As I said: the length and breadth of Christendom was pro-life. The Medieval institutional response to unwanted pregnancy was a revolving receptacle at an orphanage, not an abattoir.
How many wet nurses were there for abandoned pauper children, or even goats? The great majority died of starvation or disease. Then as now, people were ruled by their sex drive, and not by the consequences.
Some more charitable reflections:
A medieval family could easily suffer catastrophe: a failed harvest, the husband dead before the baby’s birth, the mother dead in childbirth, so that the baby’s poor chances in the orphanage were better, the family hoped, than outside it.
In a time when child mortality was 50% or more, the far higher death rates in the orphanages were not as shocking as they are to us.

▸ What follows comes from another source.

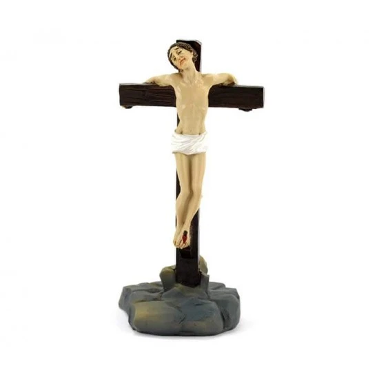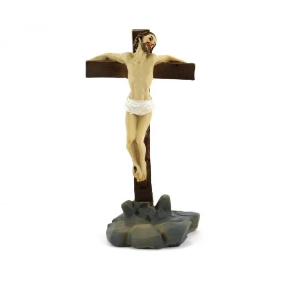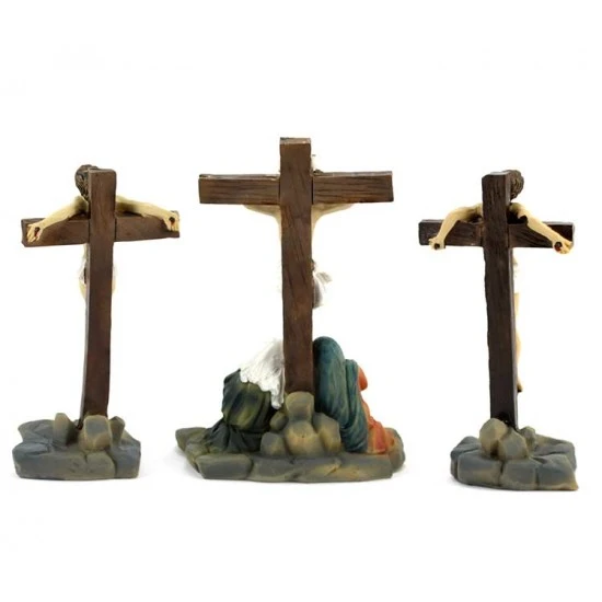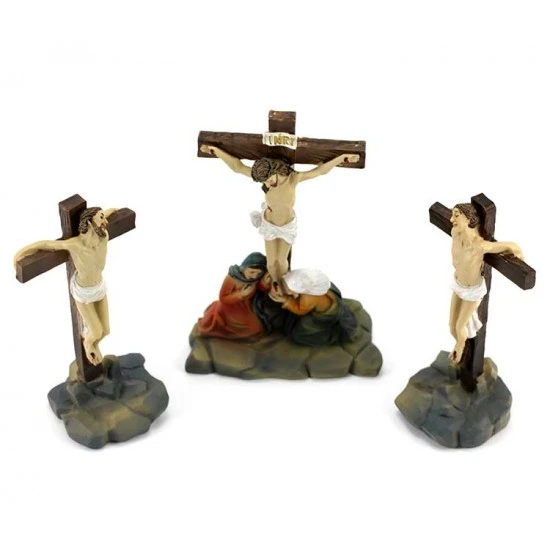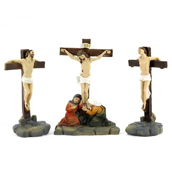 Crocifissione di Gesù. Scena raffigurante la Crocifissione di Gesù, realizzata interamente in resina colorata, composta da Gesù Crocifisso con i due ladroni. L’articolo è fornito completo di scatola litografata.

If earlier people had waited for life to be as safe and certain as we moderns consider proper for having children, then there would be no people at all.
Babies weren’t always sent to religious orphanages, and they weren’t abandoned only by families on the verge of starvation. Baby farms and angel makers were commercial enterprises lasting into the early nineteenth century and even middle class people sometimes dealt with their extra children that way, and wealthy people with their embarrassments.
A quarter century ago, I bought a book on child abandonment and exposure, whose title I cannot recall, and which is shelved according to some forgotten scheme, but it quoted an Classical Greek or Roman writer, that the Jews were the only people who did not expose their children.